The salty folks who created and maintain tt-rss have packaged everything up with Docker so it's easier to maintain. Here's the tt-rss docker compose version. Now I have this running on a $5/month Digital Ocean server and the code updates with every reboot. The one piece I wasn't sure about was configuring the web server inside Docker. But it turned out to be pretty easy by setting up a reverse proxy on the host OS.

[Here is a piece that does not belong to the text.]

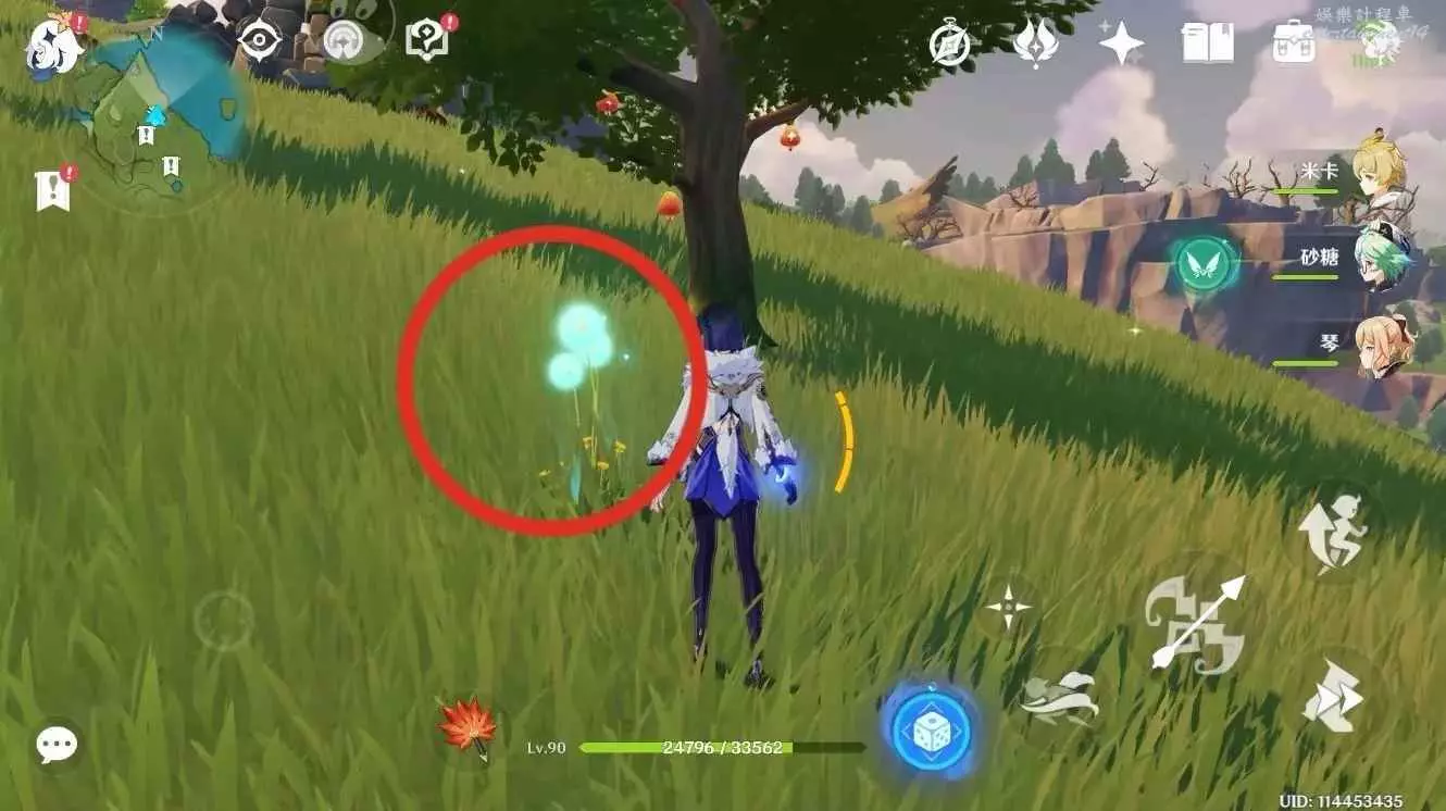 遇到蒲公英後使用風元素技能將蒲公英吹散後方可採集。

Anyway, I realize that not everyone is going to want to reverse proxy their way to reading RSS on their iPhone. But you can consume RSS feeds in 2021 with a little work. I still think having control of your primary news feed without all of the sorting, attention, and social alogrithms is the best way keep up with the web.

Open Web Analytics

A couple weeks ago I read Google Analytics: Stop feeding the beast and it was the straw that broke the steady drumbeat camel of not using Google Analytics on this site's back.

I looked around at alternatives and settled on Open Web Analytics. It runs locally without a complex install and you can add custom events. The interface isn't as slick as Google Analytics but since I can query the data directly I should be able to write my own report pages.

The main thing is that it's one (admittedly tiny) meal that Google doesn't get to eat. And this site is one less place that Google knows you visited. Sneaky! (If you weren't blocking GA already, which you should.)